The forward-looking statements contained in this press release are based on

management's beliefs, estimates and opinions on the date the statements are made

in light of management's experience, current conditions and expected future

development in the areas in which Wentworth is currently active and other

factors management believes are appropriate in the circumstances. Wentworth

undertakes no obligation to update publicly or revise any forward-looking

statements or information, whether as a result of new information, future events

or otherwise, unless required by applicable law.
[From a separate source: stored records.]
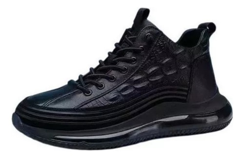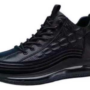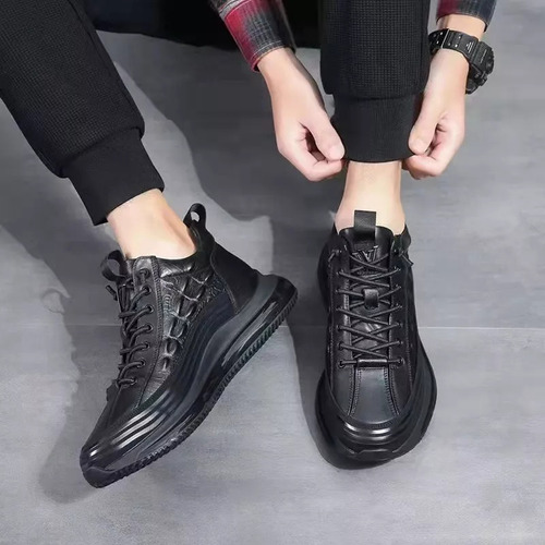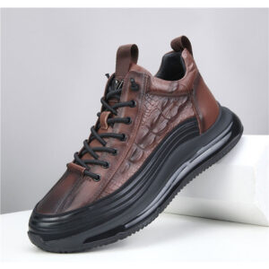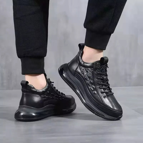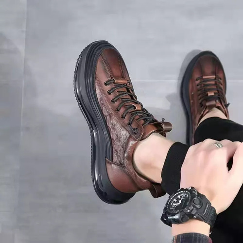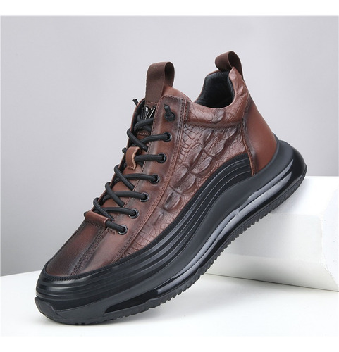 6. Sapatos casuais masculinos de couro de couro com almofada de ar, tênis masculinos da moda com estampa de crocodilo, sapatos confortáveis casuais antiderrapantes, levantamento de altura em couro macio, calçados esportivos com absorção de choque
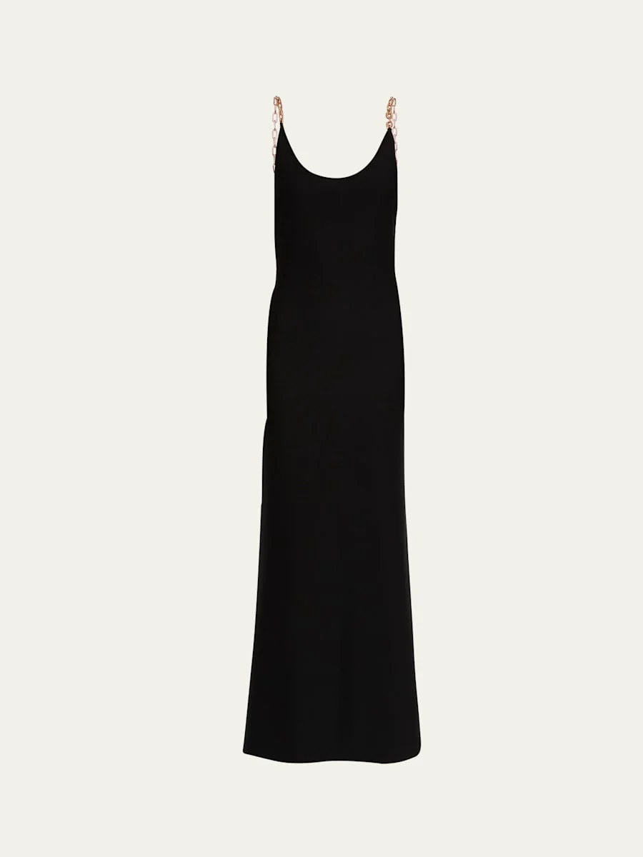 Gabriela Hearst "Adeona" dress features golden chain straps Scoop neckline Sleeveless Full length A-line silhouette Silk Made in Italy Online Inquiries: BGS21_B9WGX| Store Inquiries: #4987467
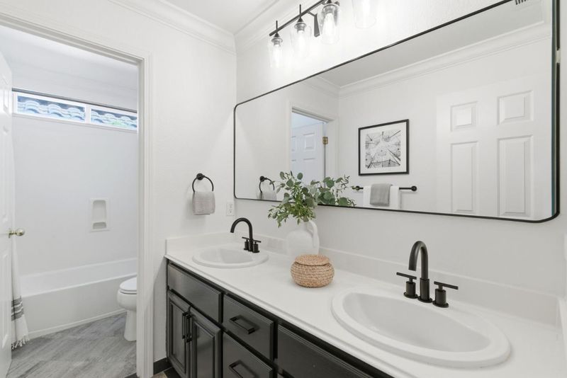- Double Sinks, Full on Ground Floor, Granite, Marble, Pass Through, Primary - Oversized Tub, Primary - Stall Shower(s), Tub in Primary Bedroom, Updated Bath
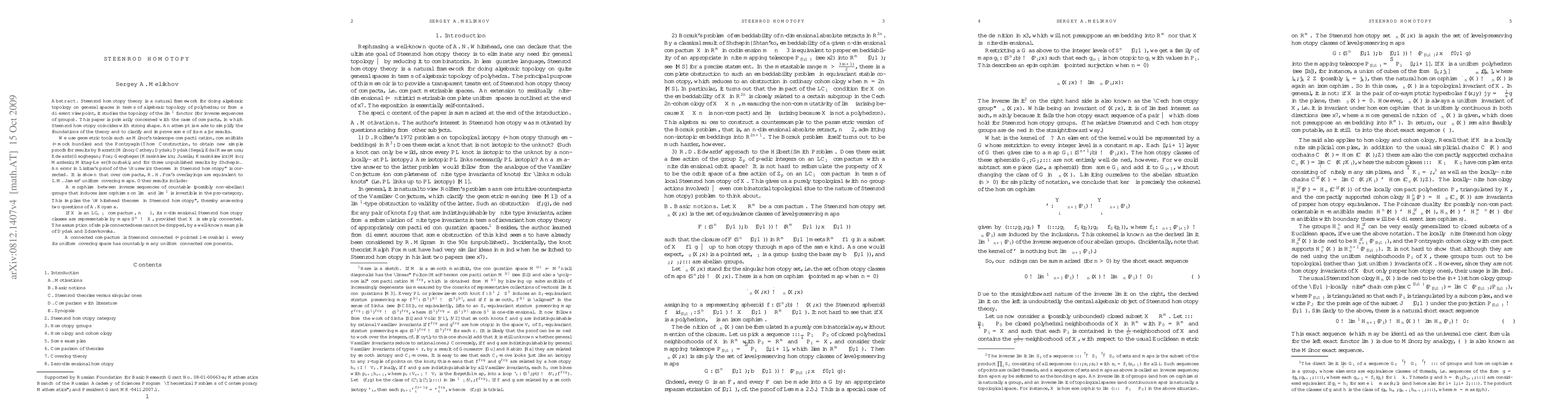 Steenrod homotopy theory is a framework for doing algebraic topology on general spaces in terms of algebraic topology of polyhedra; from another viewpoint, it studies the topology of the lim^1 functor (for inverse sequences of groups). This paper is primarily concerned with the case of compacta, in which Steenrod homotopy coincides with strong shape. We attempt to simplify foundations of the theory and to clarify and improve some of its major results. Using geometric tools such as Milnor's telescope compactification, comanifolds (=mock bundles) and the Pontryagin-Thom Construction, we obtain new simple proofs of results by Barratt-Milnor; Cathey; Dydak-Segal; Eda-Kawamura; Edwards-Geoghegan; Fox; Geoghegan-Krasinkiewicz; Jussila; Krasinkiewicz-Minc; Mardesic; Mittag-Leffler/Bourbaki; and of three unpublished results by Shchepin. An error in Lisitsa's proof of the "Hurewicz theorem in Steenrod homotopy" is corrected. It is shown that over compacta, R.H.Fox's overlayings are same as I.M.James' uniform covering maps. Other results include: - A morphism between inverse sequences of countable (possibly non-abelian) groups that induces isomorphisms on inverse and derived limits is invertible in the pro-category. This implies the "Whitehead theorem in Steenrod homotopy", thereby answering two questions of A.Koyama. - If X is an LC_{n-1} compactum, n>0, its n-dimensional Steenrod homotopy classes are representable by maps S^n\to X, provided that X is simply connected. The assumption of simply-connectedness cannot be dropped by a well-known example of Dydak and Zdravkovska. - A connected compactum is Steenrod connected (=pointed 1-movable) iff every its uniform covering space has countably many uniform connected components.
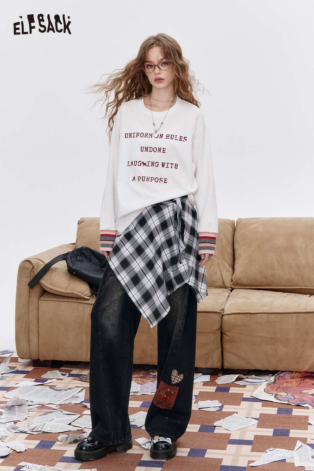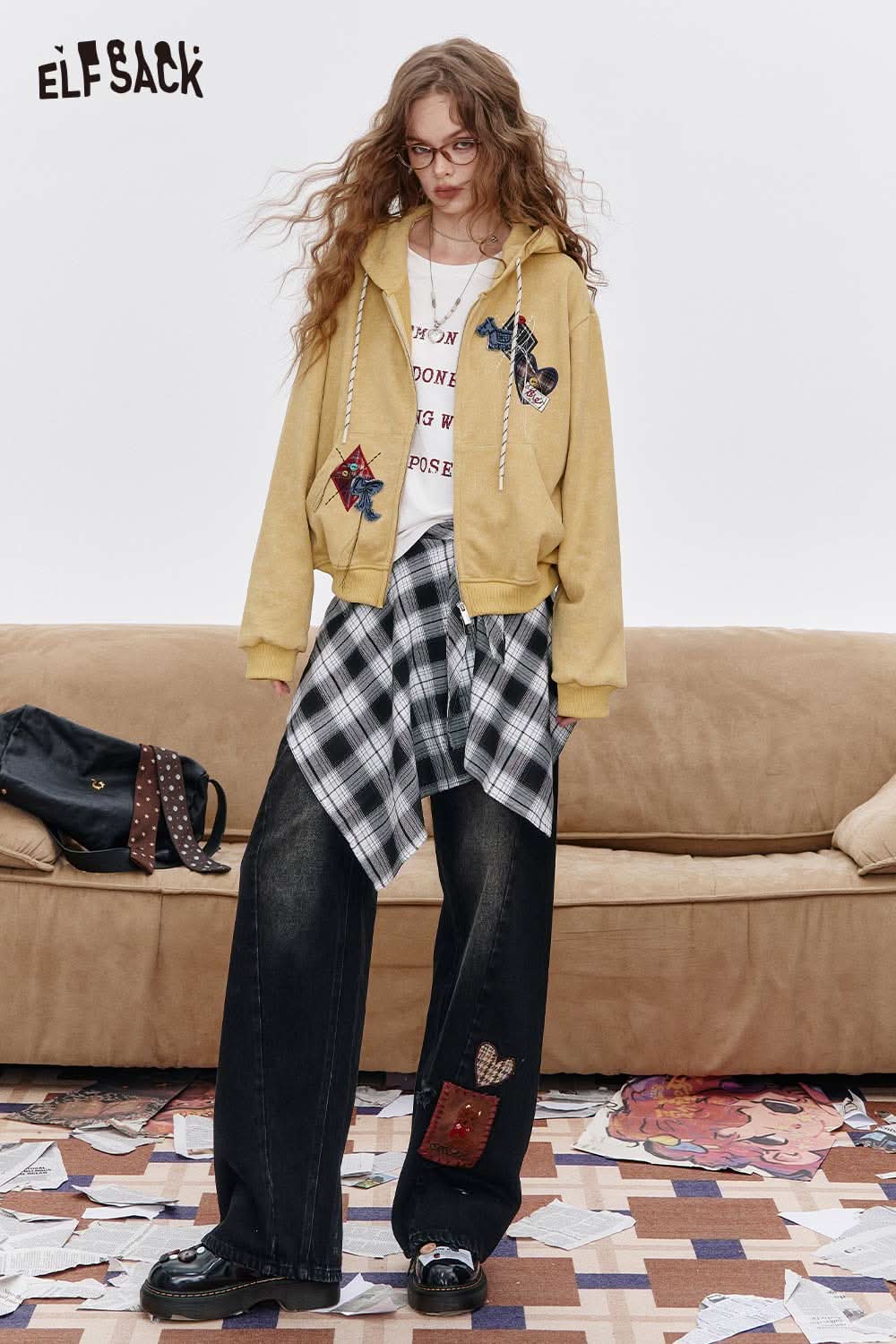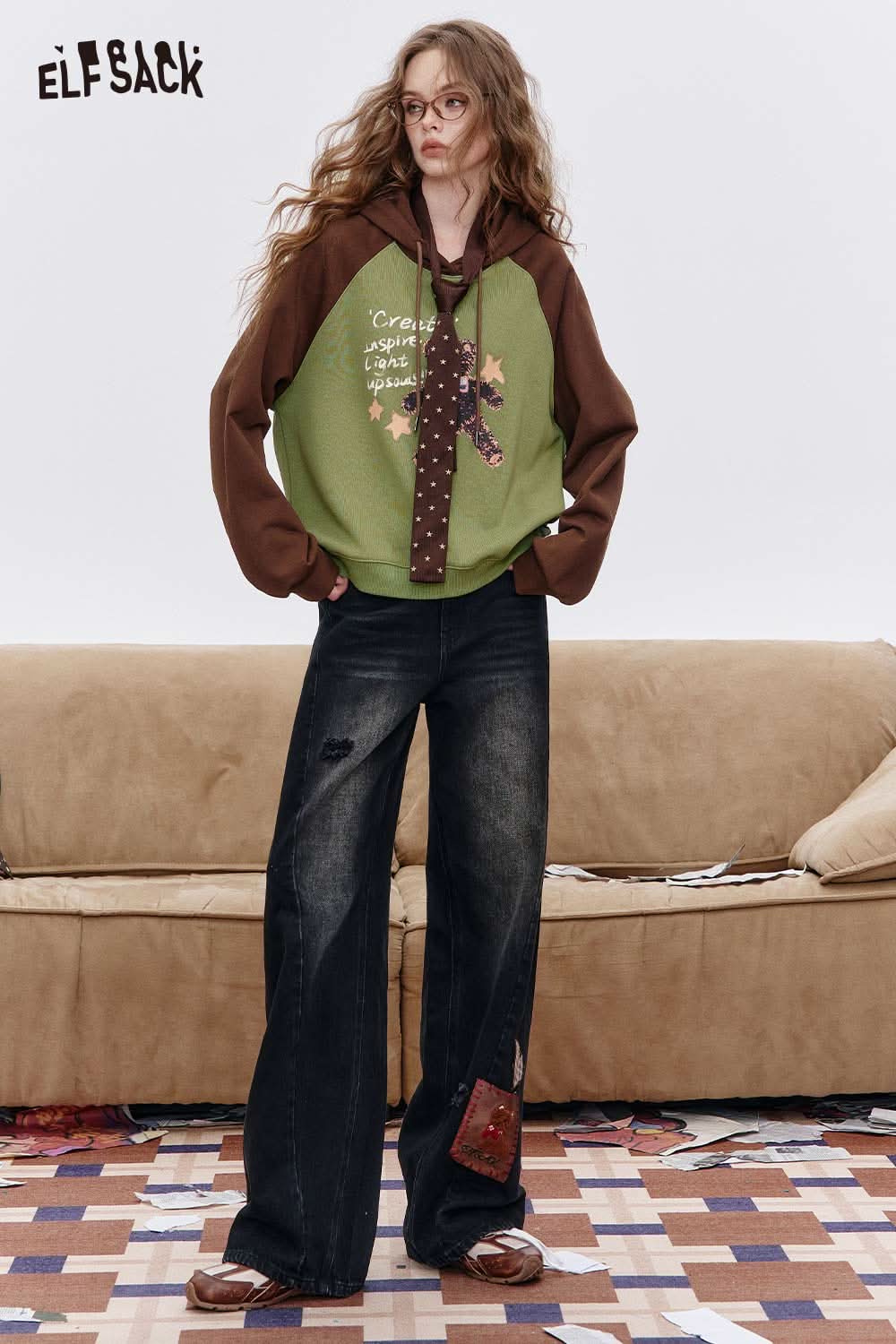 Soft Denim Relaxed Fit Watercolor Wash Heart Shaped Applique Detail Jeans
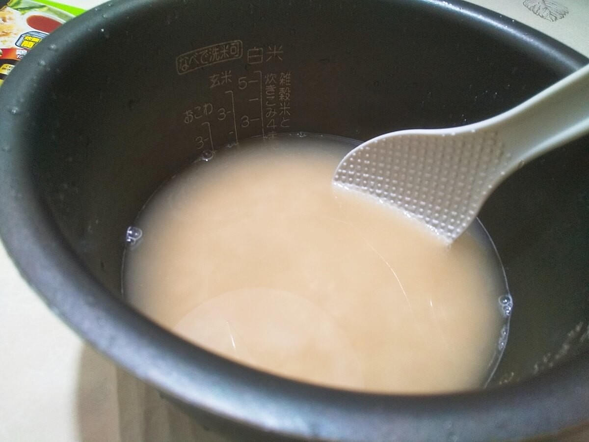 ①炊飯器にといだお米と炊き込みスープを入れ、お水を2合の目盛りまで注いでかきまぜます
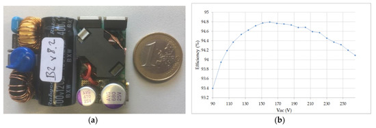 The dimensions of the final converter (see Figure 9a) were 51.5 × 38 × 19 mm, achieving a power density of 29 W/inch3. The prototype achieved a minimum efficiency of 93.4 at a 90 Vac input and a 65 W load measured at the board connectors.

Readers are cautioned not to place undue reliance on forward-looking

information. By their nature, forward-looking statements are subject to numerous

assumptions, risks and uncertainties that contribute to the possibility that the

predicted outcome will not occur, including some of which are beyond Wentworth's

control.  These assumptions and risks include, but are not limited to: the risks

associated with the oil and gas industry in general such as operational risks in

exploration, development and production, delays or changes in plans with respect

to exploration or development projects or capital expenditures, the imprecision

of resource and reserve estimates, assumptions regarding the timing and costs

relating to production and development as well as the availability and price of

labour and equipment, volatility of and assumptions regarding commodity prices

and exchange rates, marketing and transportation risks, environmental risks,

competition, the ability to access sufficient capital from internal and external

sources and changes in applicable law.  Additionally, there are economic,

political, social and other risks inherent in carrying on business in Tanzania

and Mozambique. There can be no assurance that forward-looking statements will

prove to be accurate as actual results and future events could vary or differ

materially from those anticipated in such statements. See Wentworth's

Management's Discussion and Analysis for the year ended December 31, 2017,

available on Wentworth's website, for further description of the risks and

uncertainties associated with Wentworth's business.

Notice

Neither the Oslo Stock Exchange nor the AIM Market of the London Stock Exchange

has reviewed this press release and neither accepts responsibility for the

adequacy or accuracy of this press release.

This information is subject of the disclosure requirements pursuant to section

5-12 of the Norwegian Securities Trading Act.